── Data excerpts
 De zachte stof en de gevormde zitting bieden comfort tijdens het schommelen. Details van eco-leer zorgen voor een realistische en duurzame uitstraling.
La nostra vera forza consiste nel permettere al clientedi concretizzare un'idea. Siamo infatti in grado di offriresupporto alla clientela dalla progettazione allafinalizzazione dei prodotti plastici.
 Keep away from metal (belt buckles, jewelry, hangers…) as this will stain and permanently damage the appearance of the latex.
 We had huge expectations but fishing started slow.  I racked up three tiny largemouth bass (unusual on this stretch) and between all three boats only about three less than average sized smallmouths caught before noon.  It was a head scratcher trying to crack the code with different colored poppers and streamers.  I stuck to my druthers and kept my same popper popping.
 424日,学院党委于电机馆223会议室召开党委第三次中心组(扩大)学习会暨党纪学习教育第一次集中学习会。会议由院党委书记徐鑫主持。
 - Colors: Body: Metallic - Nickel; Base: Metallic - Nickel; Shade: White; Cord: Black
────
── Data excerpts
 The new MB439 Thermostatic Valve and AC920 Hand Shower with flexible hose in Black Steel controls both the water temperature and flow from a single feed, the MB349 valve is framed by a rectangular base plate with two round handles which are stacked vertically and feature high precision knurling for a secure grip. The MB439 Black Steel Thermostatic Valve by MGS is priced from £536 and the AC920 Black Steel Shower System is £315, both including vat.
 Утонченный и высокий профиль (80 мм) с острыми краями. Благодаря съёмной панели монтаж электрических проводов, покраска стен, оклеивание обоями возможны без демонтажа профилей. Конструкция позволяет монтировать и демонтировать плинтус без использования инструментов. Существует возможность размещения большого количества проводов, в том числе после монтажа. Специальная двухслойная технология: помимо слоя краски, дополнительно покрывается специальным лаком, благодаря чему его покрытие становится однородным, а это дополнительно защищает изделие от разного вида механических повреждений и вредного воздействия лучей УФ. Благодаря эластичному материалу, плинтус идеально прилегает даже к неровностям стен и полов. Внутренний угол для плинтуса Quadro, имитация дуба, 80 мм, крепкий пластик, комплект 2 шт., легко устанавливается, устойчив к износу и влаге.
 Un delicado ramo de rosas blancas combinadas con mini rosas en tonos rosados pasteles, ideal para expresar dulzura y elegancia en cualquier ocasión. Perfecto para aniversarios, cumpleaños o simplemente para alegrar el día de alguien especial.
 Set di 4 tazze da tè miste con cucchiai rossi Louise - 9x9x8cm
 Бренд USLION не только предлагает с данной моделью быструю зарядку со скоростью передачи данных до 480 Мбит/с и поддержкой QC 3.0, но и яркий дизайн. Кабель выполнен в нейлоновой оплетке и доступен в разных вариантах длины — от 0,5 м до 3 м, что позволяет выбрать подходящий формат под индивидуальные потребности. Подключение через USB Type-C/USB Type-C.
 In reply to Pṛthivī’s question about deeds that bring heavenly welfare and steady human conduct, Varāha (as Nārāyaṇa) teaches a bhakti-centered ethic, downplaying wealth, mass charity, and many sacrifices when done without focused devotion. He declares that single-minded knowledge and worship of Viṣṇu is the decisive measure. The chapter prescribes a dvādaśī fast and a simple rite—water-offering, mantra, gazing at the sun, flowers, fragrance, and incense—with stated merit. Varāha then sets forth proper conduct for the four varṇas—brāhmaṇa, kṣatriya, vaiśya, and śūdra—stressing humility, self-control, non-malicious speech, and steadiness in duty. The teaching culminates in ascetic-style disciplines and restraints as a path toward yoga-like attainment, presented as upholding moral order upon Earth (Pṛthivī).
────
## Activity:
In the records above, locate every line with the string "this" and copy it.

## Result:
 Keep away from metal (belt buckles, jewelry, hangers…) as this will stain and permanently damage the appearance of the latex.
 We had huge expectations but fishing started slow.  I racked up three tiny largemouth bass (unusual on this stretch) and between all three boats only about three less than average sized smallmouths caught before noon.  It was a head scratcher trying to crack the code with different colored poppers and streamers.  I stuck to my druthers and kept my same popper popping.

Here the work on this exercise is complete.